Creリコンビナーゼと認識配列であるloxPを組み合わせたシステムは、条件依存的な遺伝子発現のコントロール系として現在の生命科学研究に欠かせないツールとなっています。
Cre-loxP システム解説 (Wikipedia)
認識配列にはバリアントがあって、これをうまく組み合わせると「遺伝子をひっくり返してスイッチオンする」というシステムが作れます(DIO: Double-floxed inverted ORFとか、FLEX: Flip excisionと呼ばれます)。
バリアント1つだと、挟まれている配列は順方向と逆方向を行ったり来たりしますが、
2つ組み合わせると、入れ替わった後に固定されます。
(2021.1.16 lox配列の表記ミスについて指摘がありましたので差し替えました)
これを考えた人は本当に頭がいいと思います。。。
元文献をたどっていくと、[Schnütgen, Nat Biotech 2003] に行き着きました。ここではloxPとlox511が使われています。
しかし、これだけ普及している系の提唱論文なのに、引用は149しかない!(Google scholar調べ)。なんとも過小評価気味な。
どうやら当初はあまり評価されず、あまり長い遺伝子を組み込めないアデノ随伴ウイルス(AAV)システムに実装する際に「再発見」されたという経緯のようです。2007-2008年頃にneuroscienceの大御所の先生方が使われています[Atasoy, J Neurosci 2008; Cardin, Nature 2009]。ここではloxPとlox2722が使用され、並べ方が2通りあるようです(それぞれをDIO/FLEXと呼んでいるようですが、この辺の区別はよくわかりません。。)
シンプルさとエレガントさが同居していて、自分が好きな系の一つです。
Reference :
A directional strategy for monitoring Cre-mediated recombination at the cellular level in the mouse.
Schnütgen et al. Nature Biotechnology 21, 562-565, 2003.
A FLEX Switch Targets Channelrhodopsin-2 to Multiple Cell Types for Imaging and Long-Range Circuit Mapping.
Atasoy et al. The Journal of Neuroscience, 28, 7025–7030, 2008.
Driving fast-spiking cells induces gamma rhythm and controls sensory responses.
Cardin et al. Nature 459, 663–667, 2009.
2 件のコメント:
初めまして。大学院で生物学を専攻している修士一年の者です。
某研究者様のご説明により、FLExシステムの利点が非常によくわかりました。
日本語で丁寧にご解説いただき誠にありがとうございます。
Cre組み換えが逆戻りしないために二種類のLoxP(黒と白)を用いた場合の図について、お尋ねしたいことがございます。
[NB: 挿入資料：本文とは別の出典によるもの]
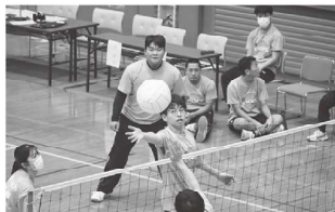
【スポーツ大会 その2】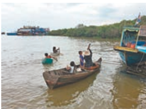
洞里薩湖的越南湖民在湖上居住，主要靠捕魚為生。

洞里薩湖又名金邊湖，雨季時湖面逾1萬多平方公里，是東南亞最大的淡水湖。湖水來自湄公河和洞里薩河，湄公河的上游是中國雲南的瀾滄江。現時湖上有許多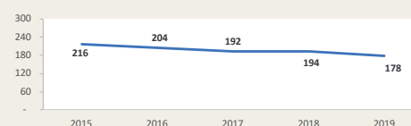
Movimiento de carga vía aérea del Callao Enero - Diciembre (Miles de TM)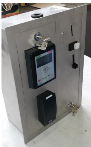
Obrázek B.3 - Automat dveřního zámku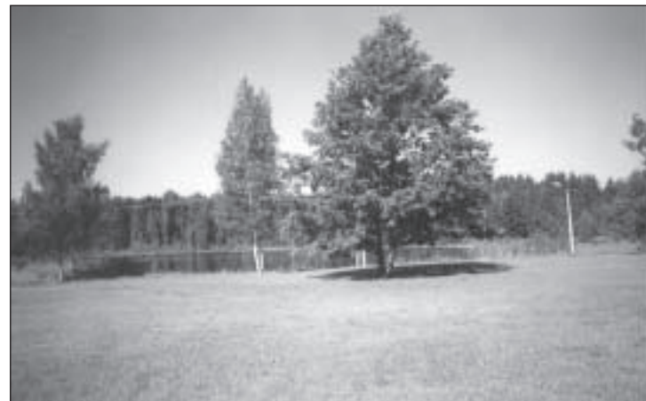
Parksepa rahvas tänab vallavalitsust ilusaks tehtud järveääre eest. Täienduseks tulevad sinna veel mängukohad lastele.

Võru Vallavalitsus Valla heakorrakomisjon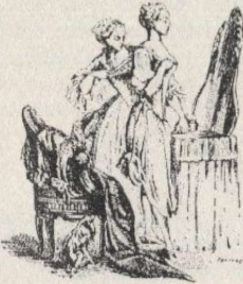
O toucador de uma sécia (gravura da época).

males de que ande que sejam mentito por afectar dores de cabeça, sempre dois par- Era tão galante, para a «françã» estado no Paço a el-rei, como conpadezia de rinos». A moda gante portuguese-século XVIII o quanto ela qui-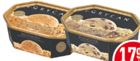
GRYCAN LODY FAMILIJNE PREMIUM 900-1100 ML ASORTYMENT (CENA ZA 1 L - 16,35-19,98 ZŁ)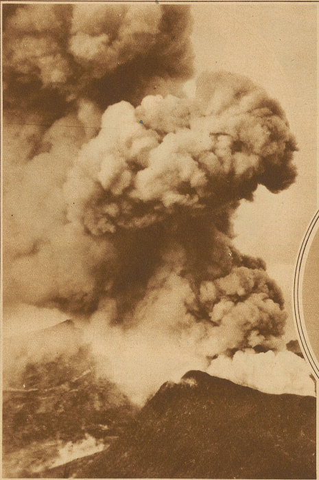
Der Gipfel des Vesuvius während seines neuesten starken Ausbruches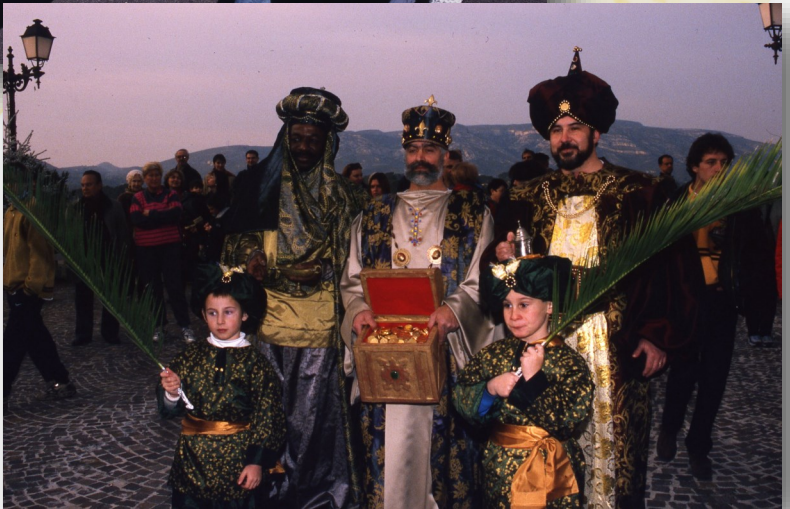
Première Marche des Rois à Aubagne, 08/01/2000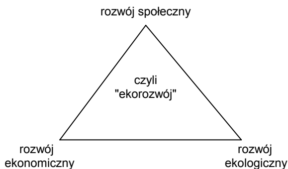
Rysunek 1. Model „ekorozwoju” – ujęcie tradycyjne rozwój społeczno-kulturalny

nego), odnowy (np. środowisk wiejskich), idee wychodzące od inicjatyw lokalnych, „community development”, ekorozwoju itp. Ta ostatnia jest zbliżona lub identyfikowana z „sustainable development” i dlatego m.in. wymaga weryfikacji. Jednym z celów tego studium (referatu, w części II) jest ta właśnie weryfikacja.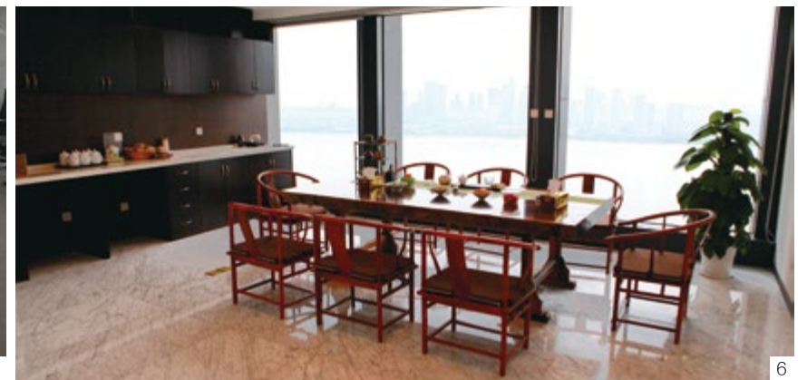
1 2 3 办公区 4 图书区 5 会议室 6 员工休息间 7 模拟法庭 8 会客室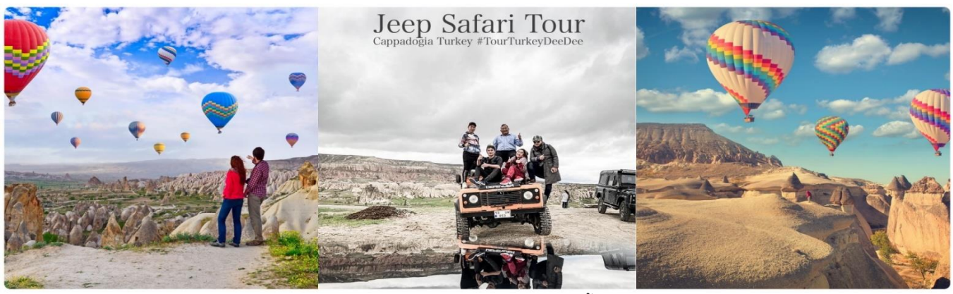
หน้า ๓ (ภาพใช้เพื่อการโฆษณาเท่านั้น)

05.30 น. นำท่านออกเดินทาง (Jeep Safari) เพื่อชมความงดงามของเมืองคัปปาโดเกียในอีกมุมหนึ่งที่หาชมได้ยาก ใช้เวลาอยู่บนรถจี๊ปบริเวณภาคพื้นดินในบริเวณที่รถเล็กสามารถทะลุไปได้ประมาณ 45 นาที ถึง 1 ชั่วโมง

おそらく2つの白いLoxP間の配列が逆転しているのだと解釈しておりますが、
その後の左側に位置する3連LoxPの順番は左側から「白・黒・白」ではなく、「黒・白・黒」ではないでしょうか。
そうでないと、最後に黒LoxPが残らないと思うのですが、どうでしょうか。
お手数おかけしますが、ご返答いただけますと幸いです。
どうぞよろしくお願いいたします。
ご指摘ありがとうございます。おっしゃるように白黒が逆ですね。図を差し替えました。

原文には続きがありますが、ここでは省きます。